Supplied data START
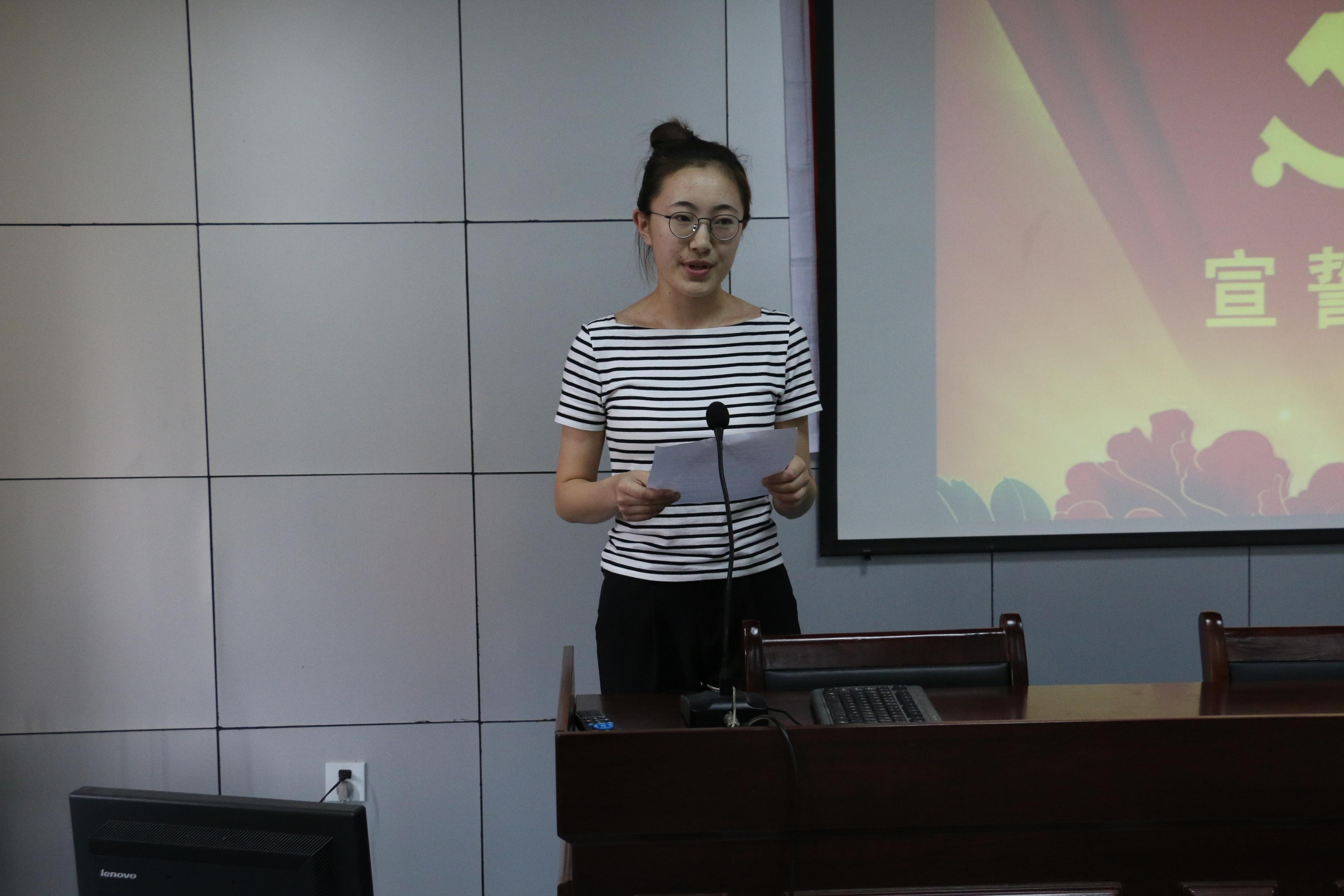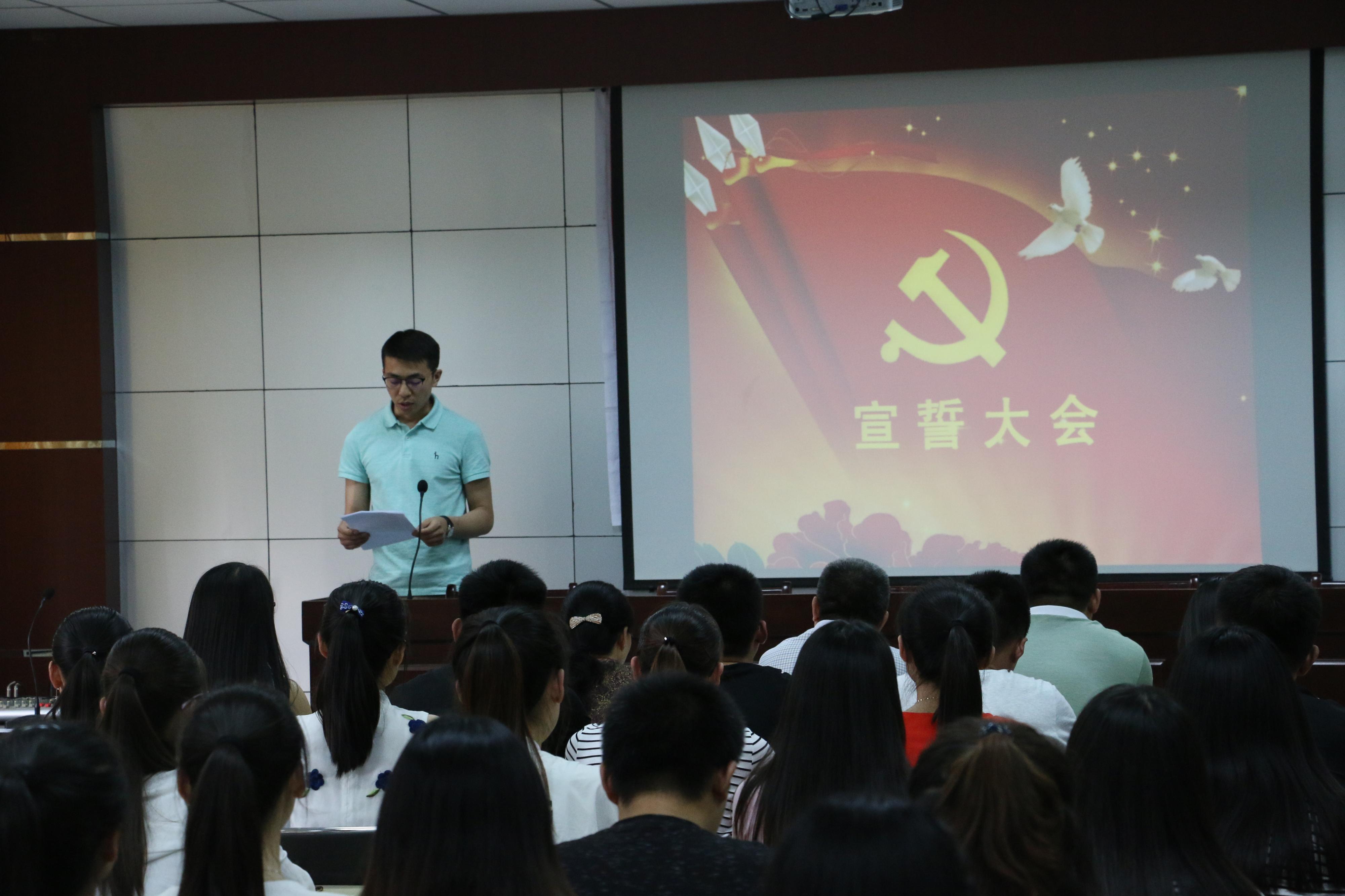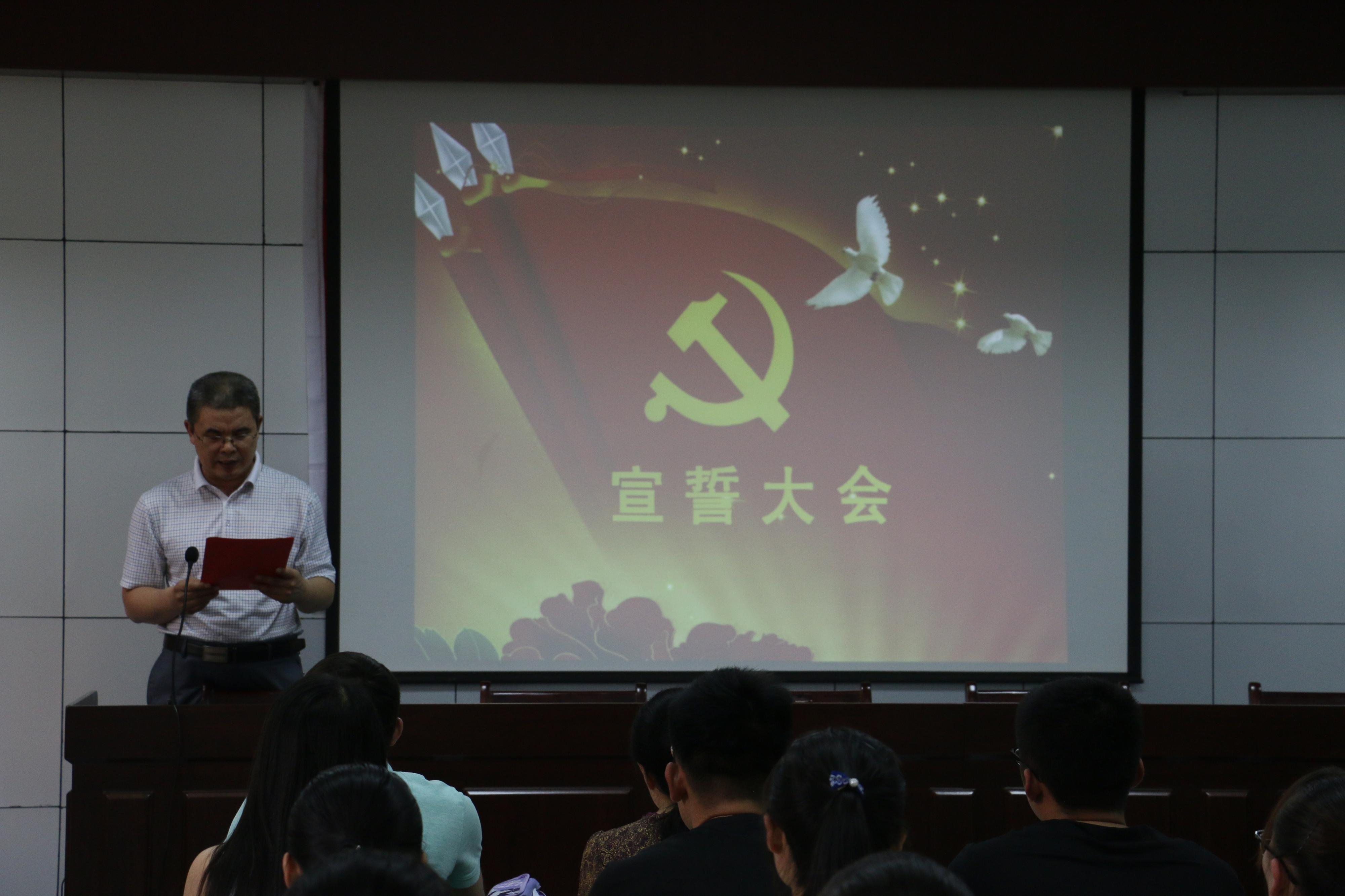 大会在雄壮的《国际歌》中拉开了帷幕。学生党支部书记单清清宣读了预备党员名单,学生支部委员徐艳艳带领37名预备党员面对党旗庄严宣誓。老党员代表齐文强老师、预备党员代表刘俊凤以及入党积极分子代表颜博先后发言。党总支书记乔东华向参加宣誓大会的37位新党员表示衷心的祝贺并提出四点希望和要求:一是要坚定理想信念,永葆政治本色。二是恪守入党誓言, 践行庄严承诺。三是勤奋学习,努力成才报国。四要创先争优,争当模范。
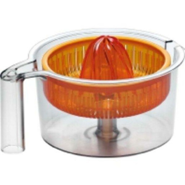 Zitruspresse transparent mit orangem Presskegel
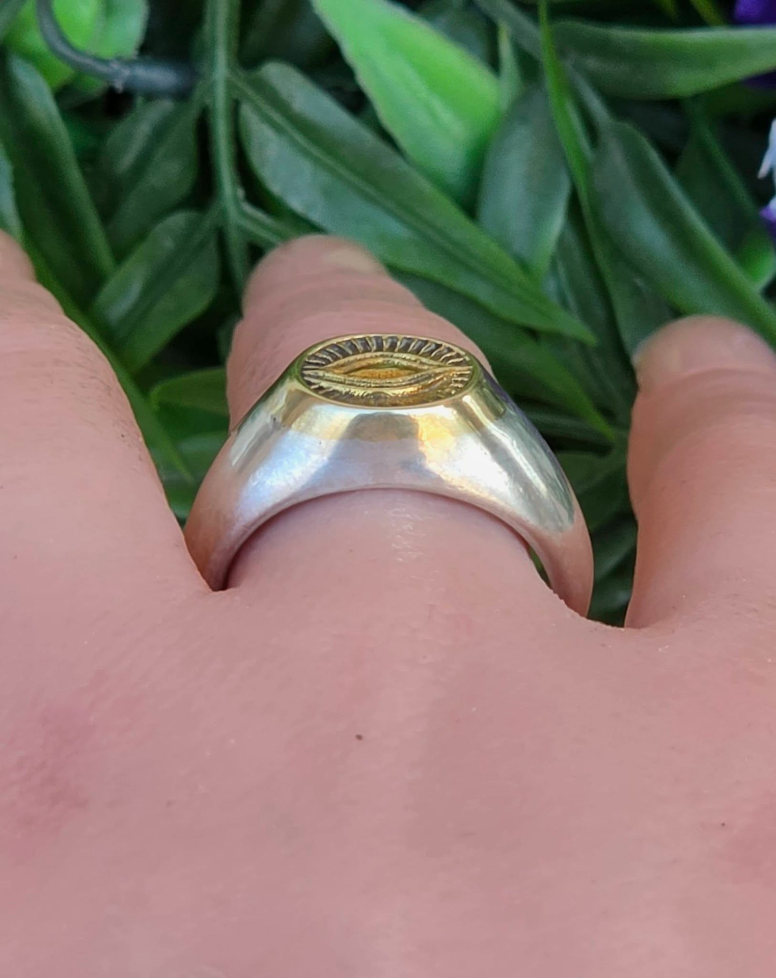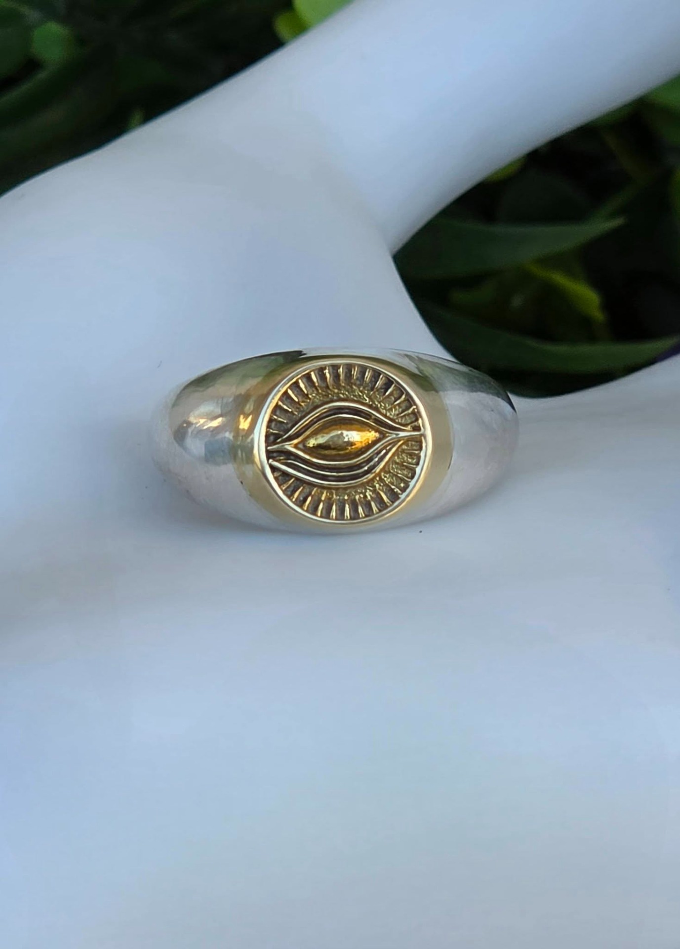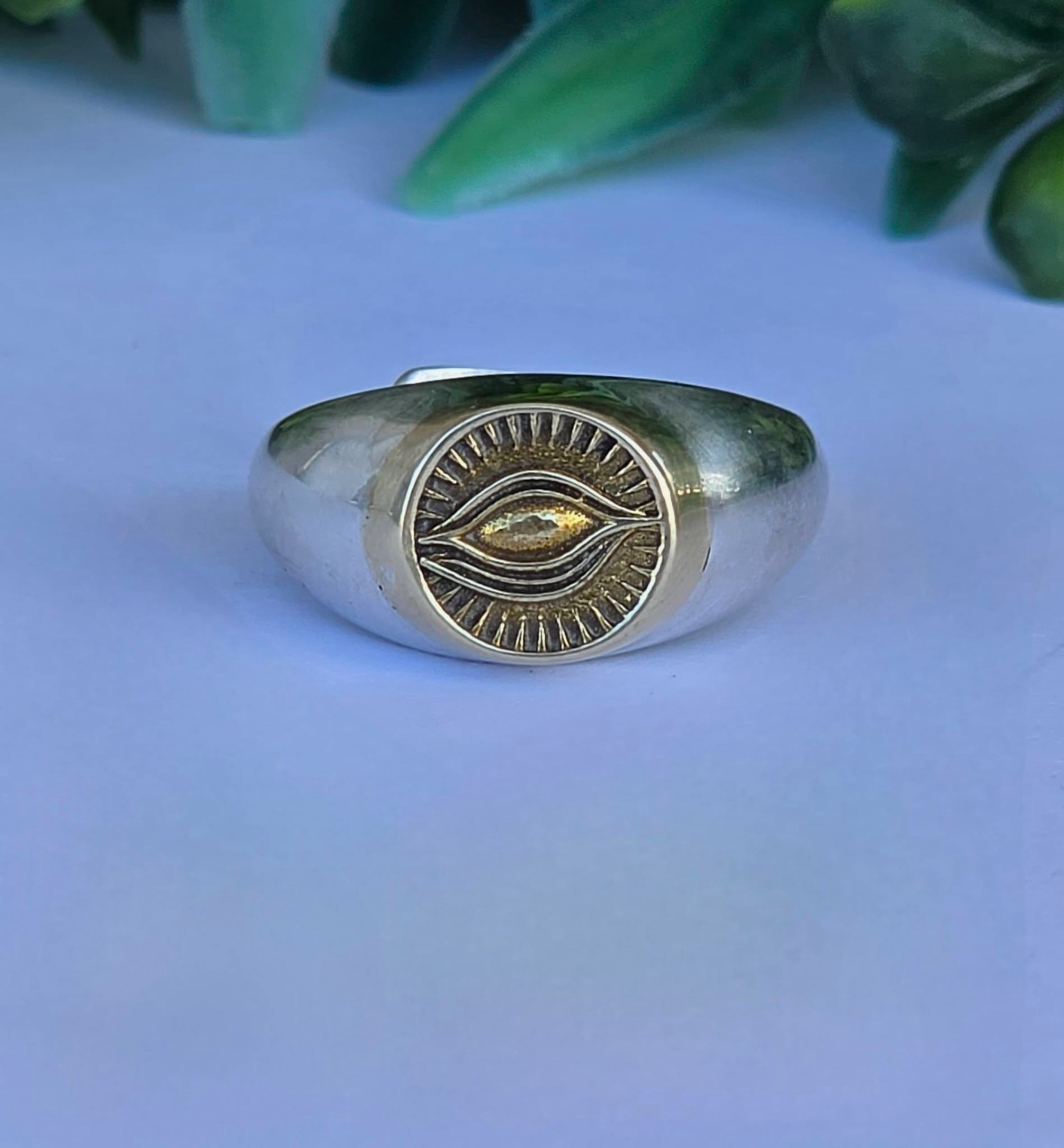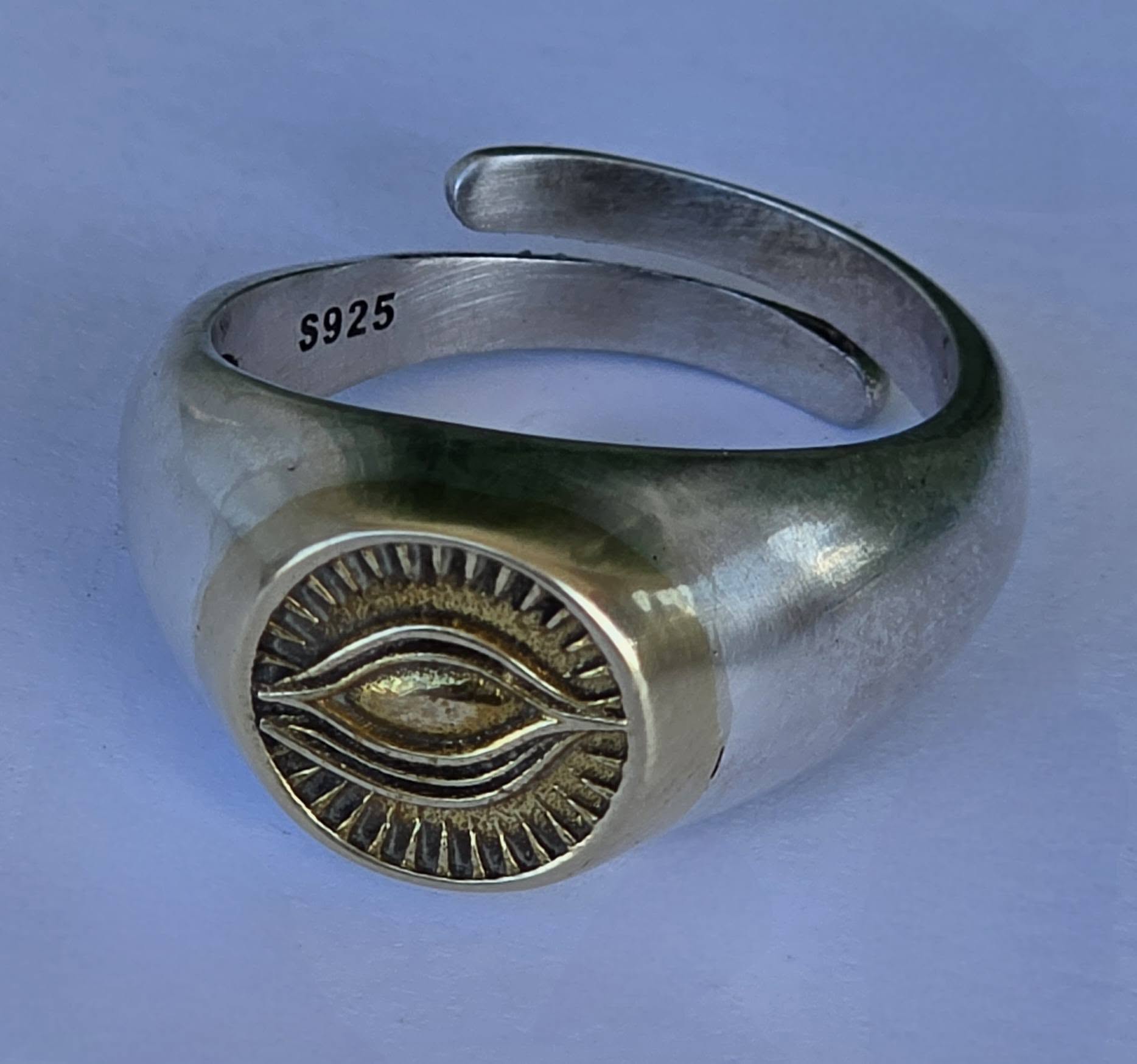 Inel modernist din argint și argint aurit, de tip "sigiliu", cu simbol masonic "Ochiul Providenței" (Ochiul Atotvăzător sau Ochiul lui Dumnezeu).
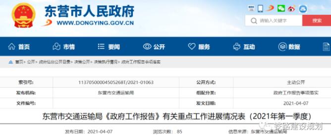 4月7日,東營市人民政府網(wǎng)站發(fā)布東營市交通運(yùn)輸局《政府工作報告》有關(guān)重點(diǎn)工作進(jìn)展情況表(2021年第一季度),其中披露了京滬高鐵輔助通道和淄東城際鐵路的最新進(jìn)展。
Supplied data END
### Problem
The material above is to be repeated word for word, with no images kept.

### Answer space
 大会在雄壮的《国际歌》中拉开了帷幕。学生党支部书记单清清宣读了预备党员名单,学生支部委员徐艳艳带领37名预备党员面对党旗庄严宣誓。老党员代表齐文强老师、预备党员代表刘俊凤以及入党积极分子代表颜博先后发言。党总支书记乔东华向参加宣誓大会的37位新党员表示衷心的祝贺并提出四点希望和要求:一是要坚定理想信念,永葆政治本色。二是恪守入党誓言, 践行庄严承诺。三是勤奋学习,努力成才报国。四要创先争优,争当模范。
 Zitruspresse transparent mit orangem Presskegel
 Inel modernist din argint și argint aurit, de tip "sigiliu", cu simbol masonic "Ochiul Providenței" (Ochiul Atotvăzător sau Ochiul lui Dumnezeu).
 4月7日,東營市人民政府網(wǎng)站發(fā)布東營市交通運(yùn)輸局《政府工作報告》有關(guān)重點(diǎn)工作進(jìn)展情況表(2021年第一季度),其中披露了京滬高鐵輔助通道和淄東城際鐵路的最新進(jìn)展。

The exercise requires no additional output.